(JUBA) – MPs in South Sudan have renewed calls for the nationalisation of the mining sector, arguing that greater state control over minerals could help stabilise the struggling economy and curb exploitation by private companies and foreign operators.
The debate came this week in the Transitional National Legislative Assembly as members discussed President Salva Kiir’s speech at the opening of the first parliamentary session. Several legislators said South Sudan’s future economic strength depends on better management of natural resources and ensuring that revenues directly benefit citizens.
Susan Thomas, a member of parliament representing Ezo County under the SPLM, said the country’s mineral wealth, particularly gold, was being extracted by private operators with little benefit for local communities. She urged the government to assume direct responsibility for the sector.

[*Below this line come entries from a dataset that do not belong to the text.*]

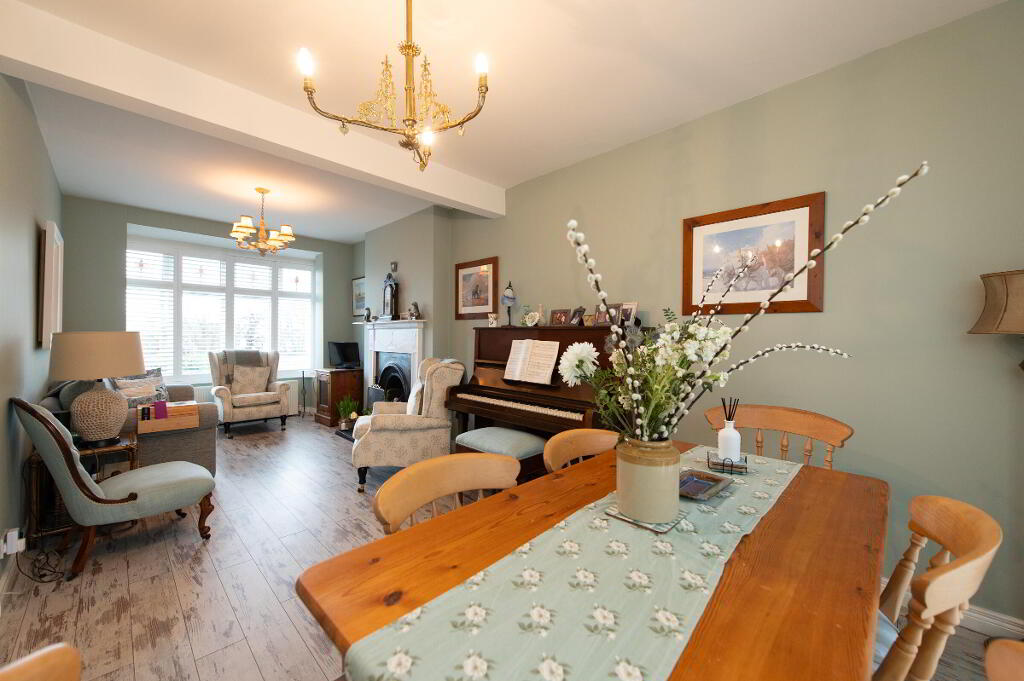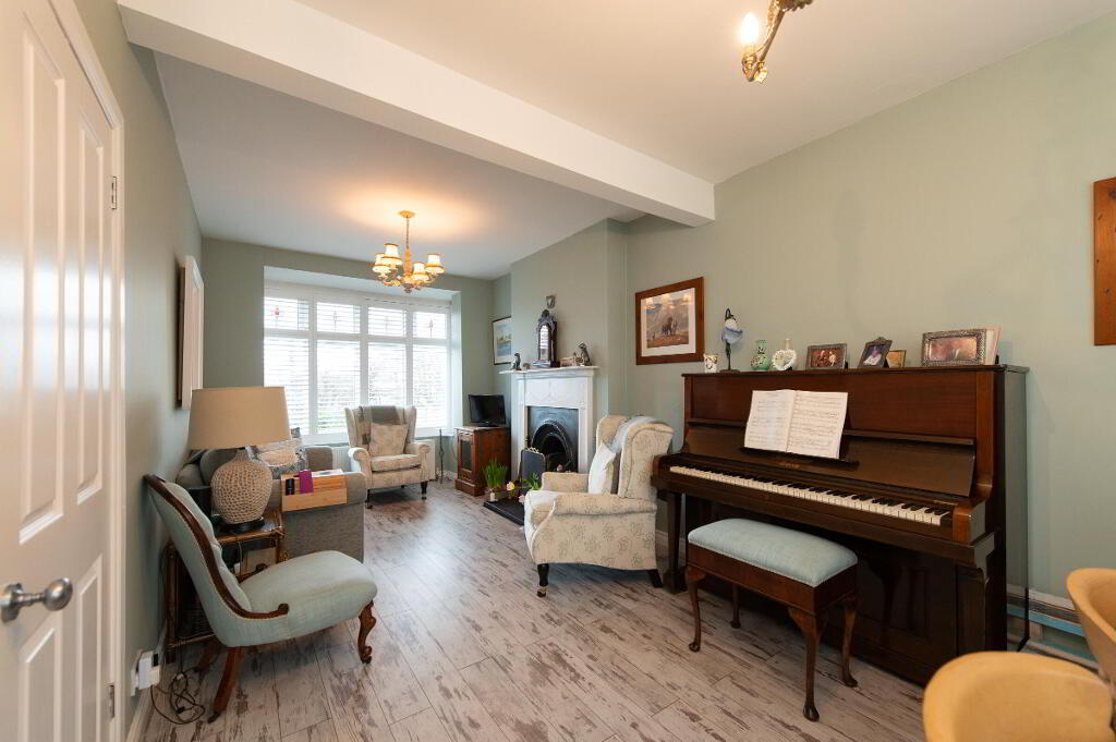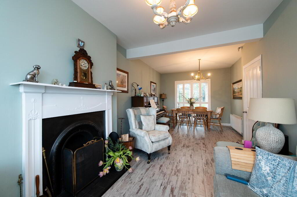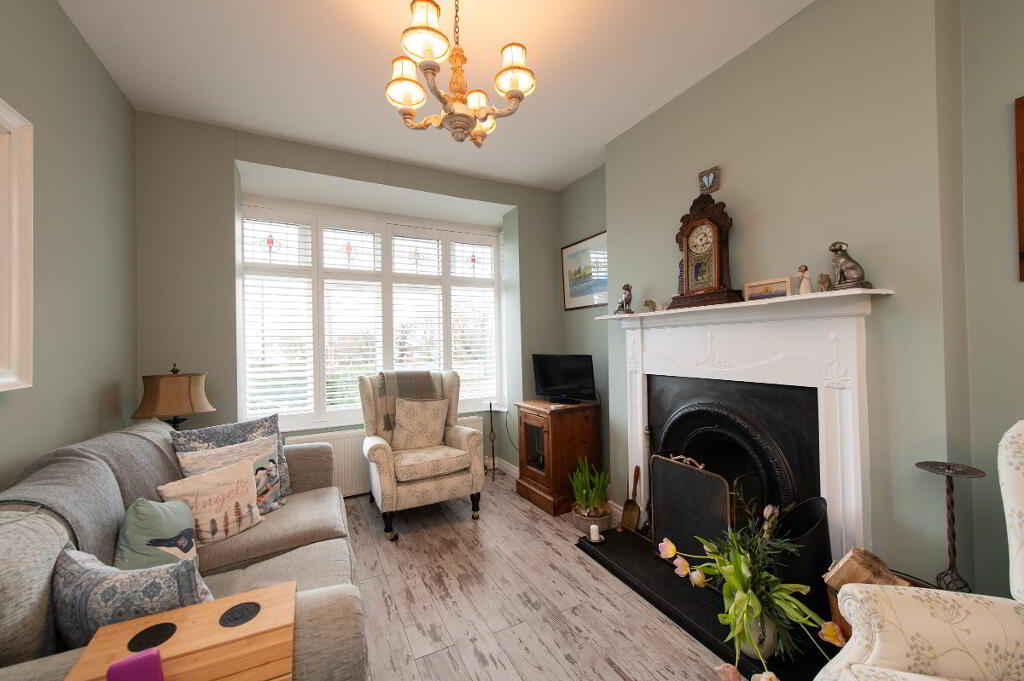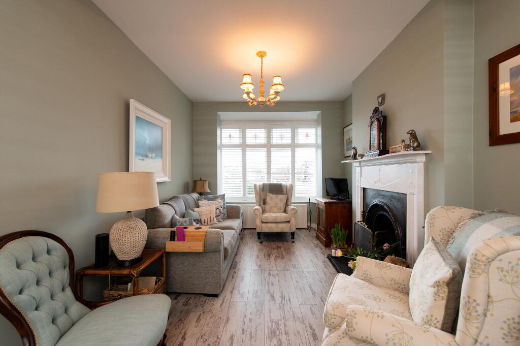 LOUNGE 23' 6" x 9' 6" (7.16m x 2.9m) Laminate wood flooring, feature fireplace with open fire, stained glass window, view of Belfast Lough.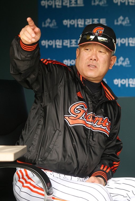 8일 서울 잠실야구장에서 열린 '2011 프로야구' 롯데 자이언츠와 두산 베어스의 경기 전에 롯데 양승호 감독이 취재진과 담소를 나누고 있다.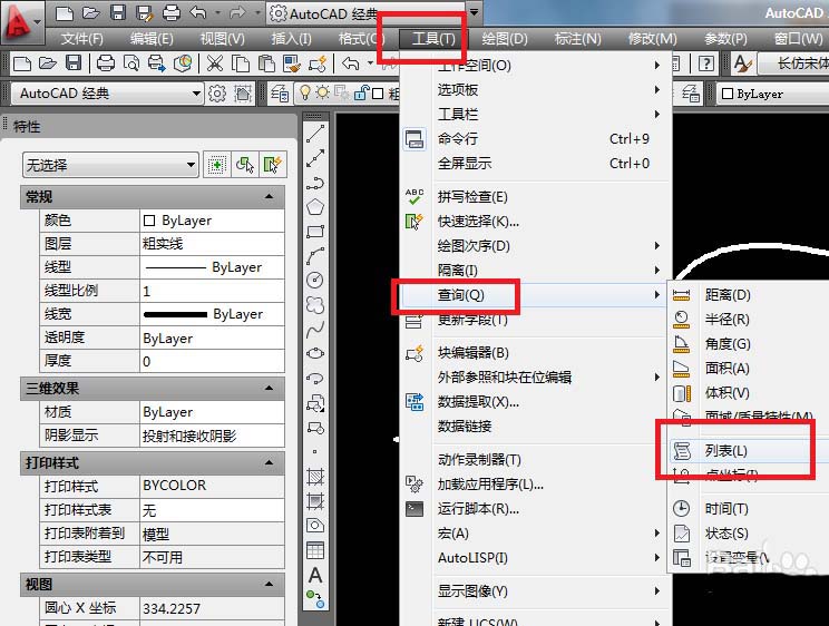 3、执行【工具】【查询】【列表】,或者输入“LI”,回车也行。

She said South Sudan is rich in various minerals in different states, yet they continue to be exploited by the private sector and foreign companies.
According to her, nationalisation could strengthen the economy by boosting the value of the South Sudanese pound. She added that gold could be used as a reserve asset and a legal tender to support the country’s weak economy.

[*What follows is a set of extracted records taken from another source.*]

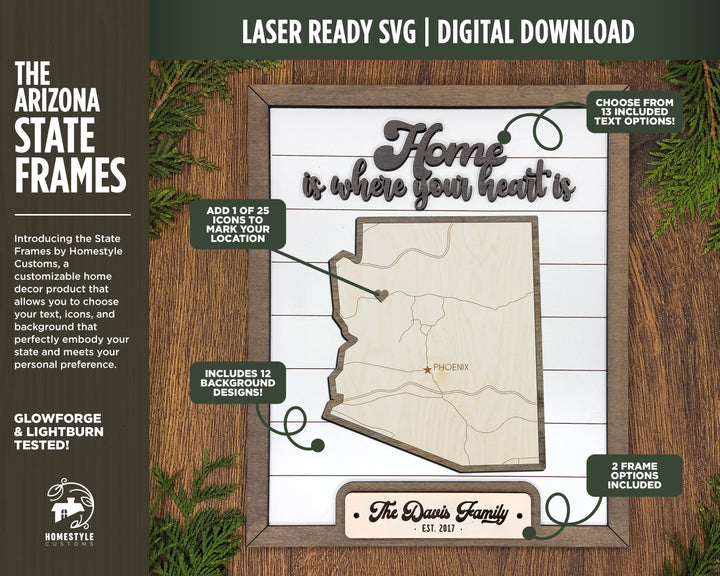 The Arizona State Frame - 13 text options, 12 backgrounds, 25 icons Included - Make over 7,500 designs - Glowforge & Lightburn Tested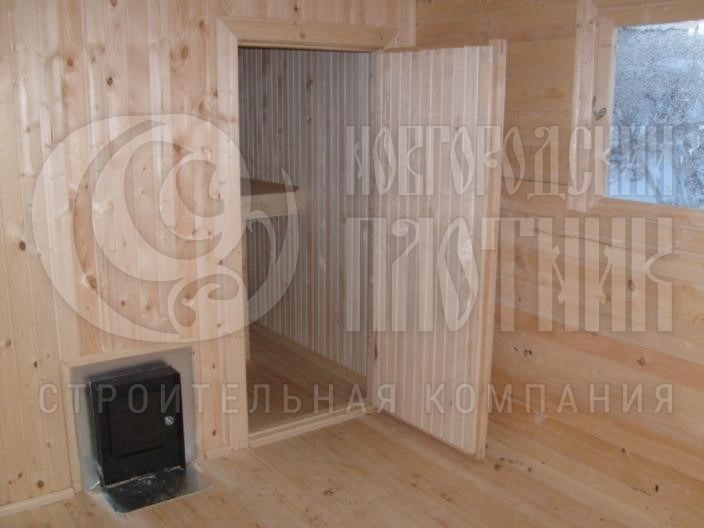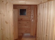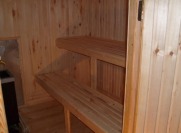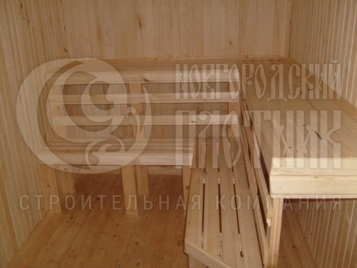 ОТДЕЛКА ПАРНОГО ОТДЕЛЕНИЯ Стены и потолок обшиваются осиновой вагонкой, двухярусные полки (полок осиновый), теплоизоляция (фольга);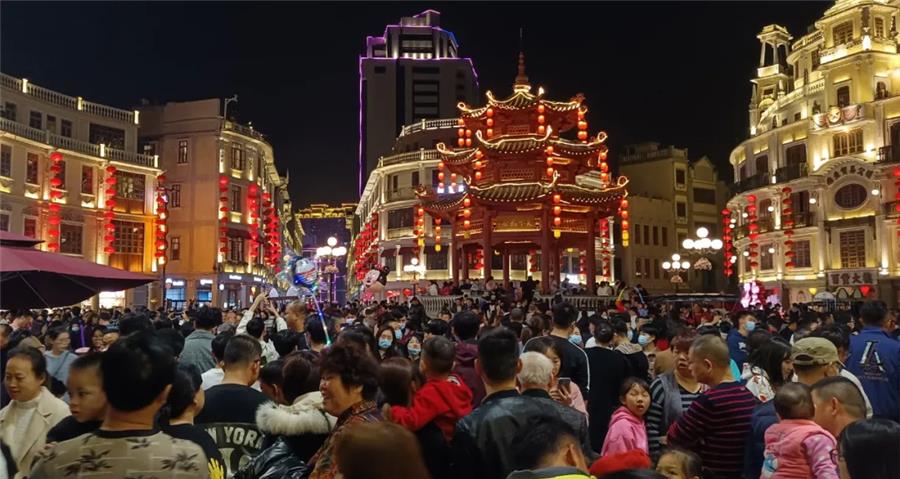 小公園開埠區(qū)是春節(jié)里我市最受歡迎的景點之一,今年湖南衛(wèi)視華人春晚,讓汕頭小公園又上了熱搜。假日期間的小公園,一到晚上更添韻味,古色古香的騎樓和小公園亭被燈光裝點得特別靚麗,吸引了大量游客前來“打卡”。據統(tǒng)計,大年初一至初四,小公園歷史文化街區(qū)每天的游客都超10萬人次以上,初三單天人流量超過15萬人次。

The South Sudanese pound has steadily lost value against the United States dollar, driving inflation and adding pressure on households. At the official rate in August 2025, one US dollar is worth about 4,600 South Sudanese pounds. For example, 1 million SSP is equivalent to roughly 217 US dollars.

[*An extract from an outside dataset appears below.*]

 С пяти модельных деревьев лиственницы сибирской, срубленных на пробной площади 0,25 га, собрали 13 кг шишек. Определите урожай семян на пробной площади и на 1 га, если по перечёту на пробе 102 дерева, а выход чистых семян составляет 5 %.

Supporters of nationalisation argue that gold reserves could serve as a financial buffer, helping to stabilise the currency and reduce the country’s heavy dependence on oil. Although oil remains the main source of revenue for South Sudan, lawmakers say economic diversification is urgently required.
For years, the mining sector has been characterised by weak regulations, unclear licensing processes and poorly monitored extraction. These gaps have allowed unregulated private firms, often linked to foreign investors, to earn profits while host communities remain underdeveloped.
Susan Thomas also criticised the continued reliance on foreign suppliers for basic commodities such as drinking water, despite South Sudan’s access to the River Nile. She called on the Ministry of Water and Irrigation to produce a detailed action plan before the next budget session.
She noted that although the Nile runs through the country, South Sudanese are still buying water from foreign suppliers. She said the ministry should prepare a comprehensive strategy in advance of budget discussions.
Other lawmakers shared similar concerns. Nadia Arop, representing Unity State, said parliament should prioritise implementation of existing presidential directives before adopting new policies.
She warned that without focusing on enforcement, parliament would continue discussing the same issues each year without any meaningful results.
Some observers, however, caution that nationalisation alone is not enough. Without transparent institutions and strong governance, the move risks consolidating political power over resources rather than ensuring that the benefits reach ordinary citizens.